A) Non-Negative Matrix Factorization (NMF) for Topic Modeling

📘 Theory (Short):

NMF is used to extract topics from a collection of documents.

It decomposes a document-term matrix into:

W (topics per document)

H (words per topic)

Useful to understand hidden themes in text.

Reconstruction Error measures how well the model fits the data.

In [2]:
import nltk
from sklearn.decomposition import NMF
from sklearn.feature_extraction.text import TfidfVectorizer
from sklearn.preprocessing import normalize

# Sample documents
docs = [
    "I love programming in Python.

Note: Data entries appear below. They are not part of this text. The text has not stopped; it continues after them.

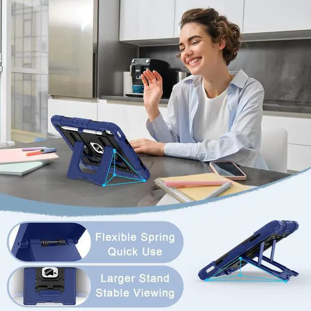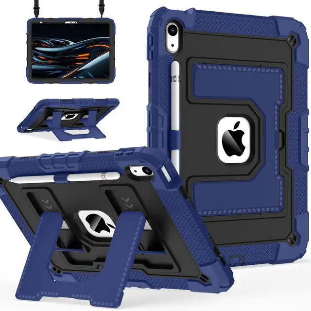 Scnioy Case for iPad (A16) 11th Generation 11 Inch 2025, iPad 10th Generation Case 10.9 Inch 2022, Heavy Duty i Pad Cover 10th Gen with Large Kickstand Pen Holder Shoulder Strap, Navy Black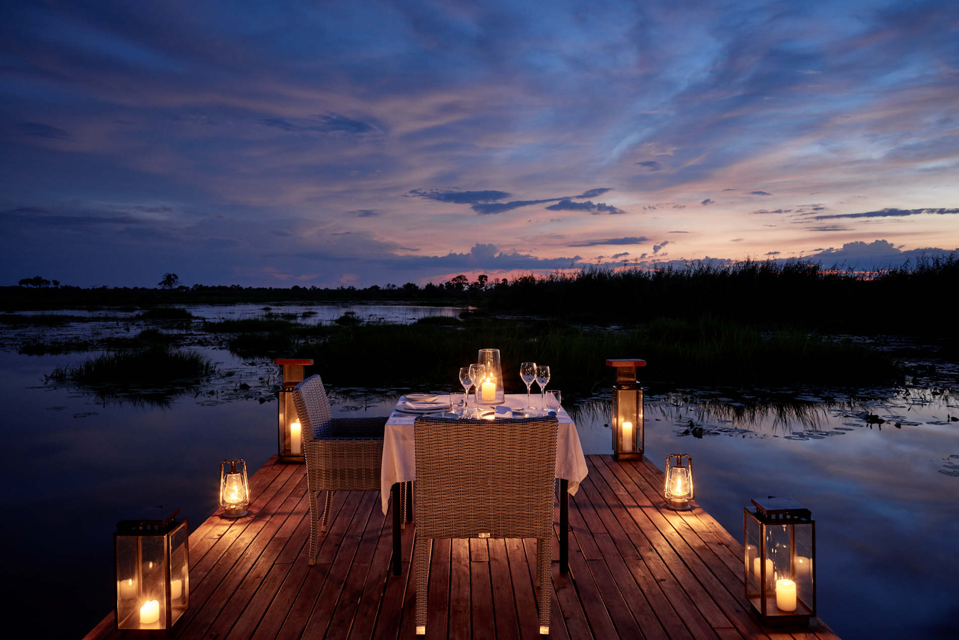 Das Gebiet, das sich in einer privaten Konzession in der Nähe von Moremi befindet, bietet sich für außergewöhnliche Beobachtungen von allen Tieren und der Vogelwelt an. Gäste können die Gegend zu Wasser und zu Land erkunden, oftmals auch spät abends, um die nachtaktiven Tiere zu beobachten. Da das Camp ständig von Wasser umgeben ist, eröffnet sich eine neue Welt von Pirschfahrten. Genießen Sie die Ruhe in einem Mokoro oder schneller in einem Motorboot.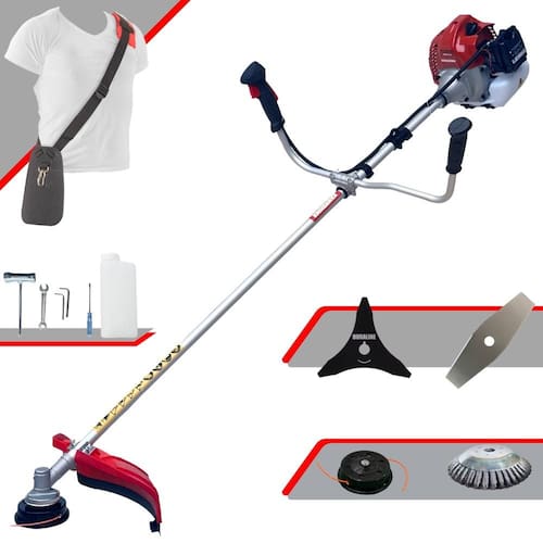 Com guidão ergonômico lateral, permite um alcance amplo e maior mobilidade, capaz de aumentar a produtividade diária. Possui motor 2 tempos á gasolina, de 43 Cilindradas; 1,7HP de potência que proporcionam maior performance e economia na operação. Seu conjunto de acessórios inclui kit de ferramentas, cinto de suporte almofadado, carretel de nylon e lâmina de corte 3 pontas.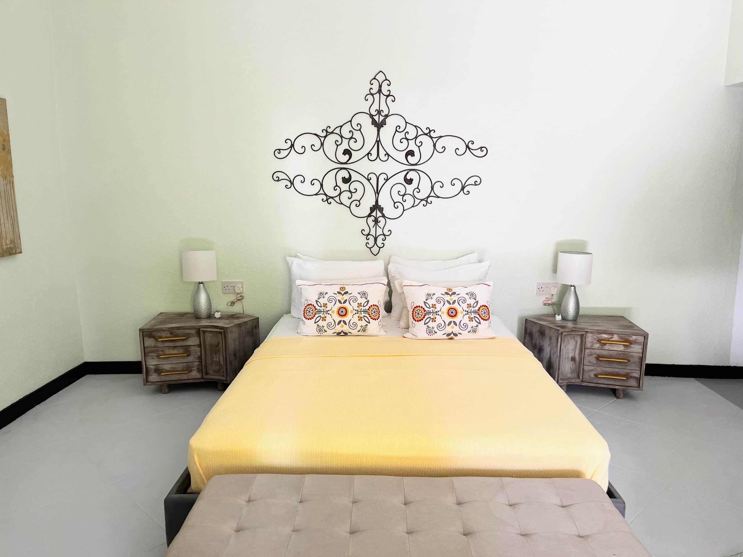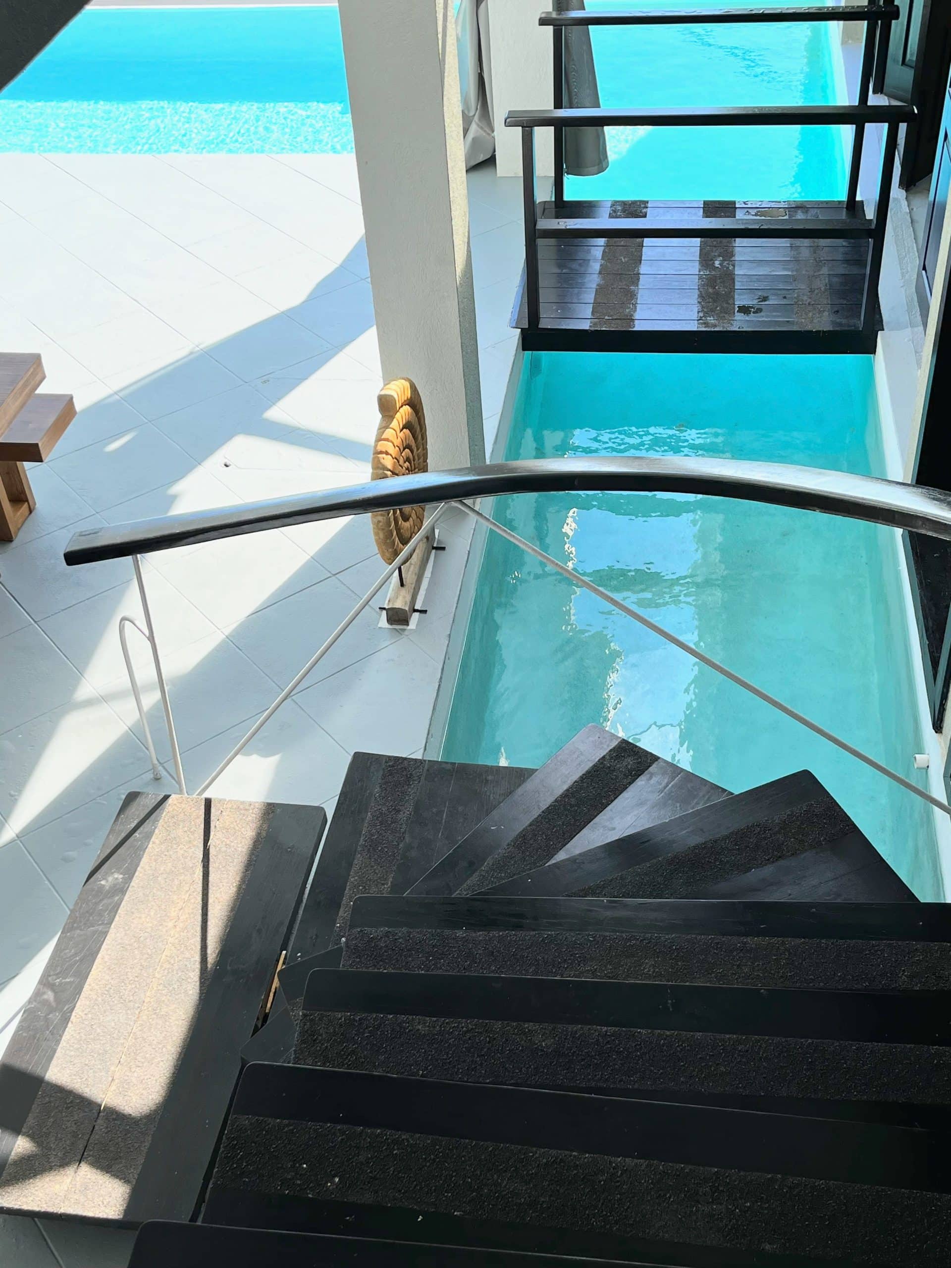 Main Level: The heart of the villa — a generous open-plan kitchen, dining, and lounge area framed on three sides by water. Sliding doors open directly to the stunning infinity pool, blurring the line between indoors and out. Two large en suite bedrooms sit privately at each end of the house, reached by wooden bridges across the pool.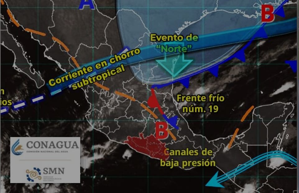 De acuerdo con la dependencia, estas condiciones se deben al avance gradual de un Canal de Baja Presión y del Frente Frío Núm. 19, los cuales comenzarán a extenderse hacia el norte del estado, favoreciendo el desarrollo de nubosidad y un descenso notable de la temperatura en el transcurso de la tarde y noche.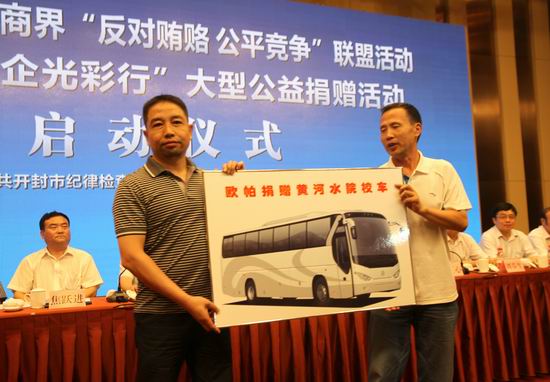 本次会议旨在在全市工商界倡导“反对贿赂、公平竞争”的健康市场环境,弘扬“义利兼顾、以义为先”的文化理念,并通过捐赠善款及物资折款总计1026万元,助推开封文化、教育事业发展。会上,市工商联主席、市总商会会长朱太忠及各位副主席、副会长在联盟活动启动仪式上共同发出倡议,倡议全市企业、商会及协会组织以质量为本、反对贿赂行为,共创公平竞争的市场环境。随后,市委书记祁金立为捐赠企业代表颁发了捐赠证书。开封欧帕自动化有限公司范红兵总经理向我院捐赠了价值40余万元的校车。

Python is great for data science.",
    "The stock market crashed due to economic slowdown.",
    "Machine learning and AI are transforming technology.",
    "Investors are cautious about the global economy.",
    "Python libraries like Numpy and Pandas are powerful."
]

# TF-IDF vectorization
vectorizer = TfidfVectorizer(stop_words='english')
X = vectorizer.fit_transform(docs)

# Apply NMF
nmf = NMF(n_components=2, random_state=42)
W = nmf.fit_transform(X)
H = nmf.components_

# Show top words per topic
words = vectorizer.get_feature_names_out()
for topic_idx, topic in enumerate(H):
    top_words = [words[i] for i in topic.argsort()[-5:]]
    print(f"Topic {topic_idx+1}: {', '.join(top_words)}")

# Reconstruction error
print("Reconstruction Error:", nmf.reconstruction_err_)


Topic 1: numpy, like, powerful, pandas, python
Topic 2: market, economic, crashed, slowdown, stock
Reconstruction Error: 1.6737376756861646


B) WordNet for Word Sense Disambiguation (WSD)

📘 Theory (Short):

WordNet is a large lexical database of English.

WSD (Word Sense Disambiguation) selects the correct meaning of a word in context.

Example: "bank" → river bank or financial bank?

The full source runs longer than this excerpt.